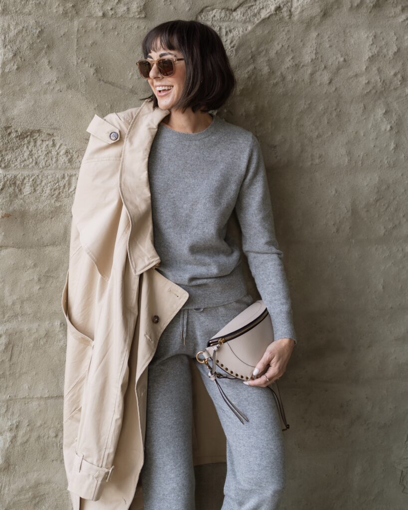 These are my favorite sweatpants. The look and feel so luxe. This winter, I’ve been wearing them as part of my casual capsule wardrobe, paired with the matching quarter-zip pullover.
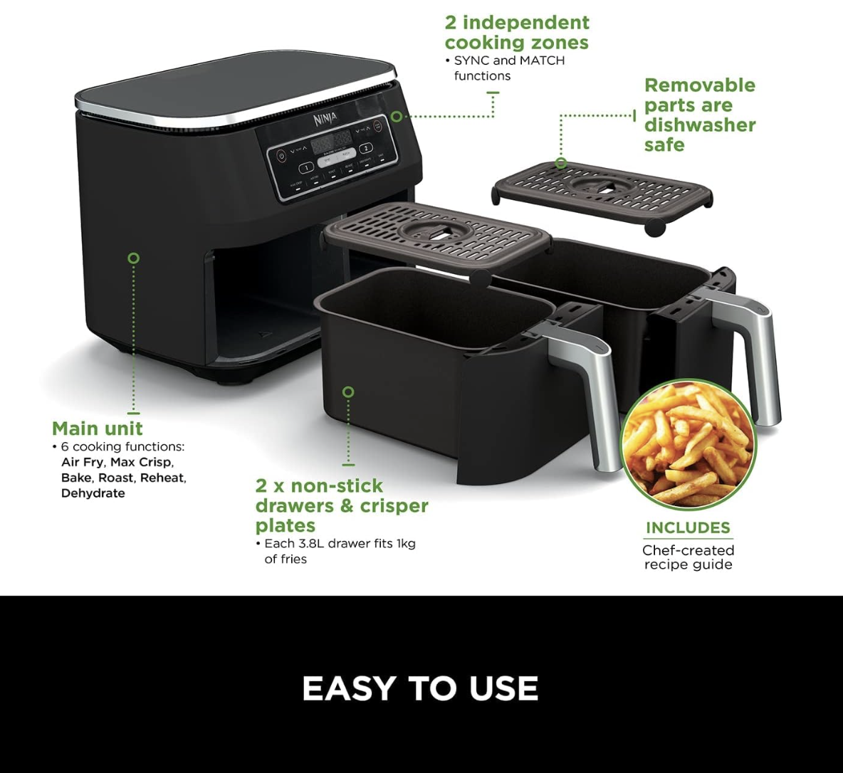 - INCLUDES: Ninja Air Fryer (UK Plug), 2x Non-stick, dishwasher-safe 3.8L Drawers (7.6L total capacity) & Crisper Plates. Chef-Created Recipe Guide. Weight: 8.2kg. Colour: Black.
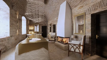 Vstupte do komnaty odpočinku, kde hřejivý krb, pohodlná křesla a elegantní bar vytvářejí prostor k tichému odpočinku a noblesnímu posezení. Světlo plamenů odráží sofistikované detaily interiéru a dotváří intimní, klidnou atmosféru. Zde můžete načerpat energii, vychutnat si osvěžující nápoj a nechat se unést chvílemi čistého klidu v zámeckém prostředí. Tento prostor je ideálním spojením pohodlí, elegance a komfortu pro všechny smysly.

______________________________

When the listing is transcribed, every line must match the original exactly, and the pictures must be left out.

 These are my favorite sweatpants. The look and feel so luxe. This winter, I’ve been wearing them as part of my casual capsule wardrobe, paired with the matching quarter-zip pullover.
 - INCLUDES: Ninja Air Fryer (UK Plug), 2x Non-stick, dishwasher-safe 3.8L Drawers (7.6L total capacity) & Crisper Plates. Chef-Created Recipe Guide. Weight: 8.2kg. Colour: Black.
 Vstupte do komnaty odpočinku, kde hřejivý krb, pohodlná křesla a elegantní bar vytvářejí prostor k tichému odpočinku a noblesnímu posezení. Světlo plamenů odráží sofistikované detaily interiéru a dotváří intimní, klidnou atmosféru. Zde můžete načerpat energii, vychutnat si osvěžující nápoj a nechat se unést chvílemi čistého klidu v zámeckém prostředí. Tento prostor je ideálním spojením pohodlí, elegance a komfortu pro všechny smysly.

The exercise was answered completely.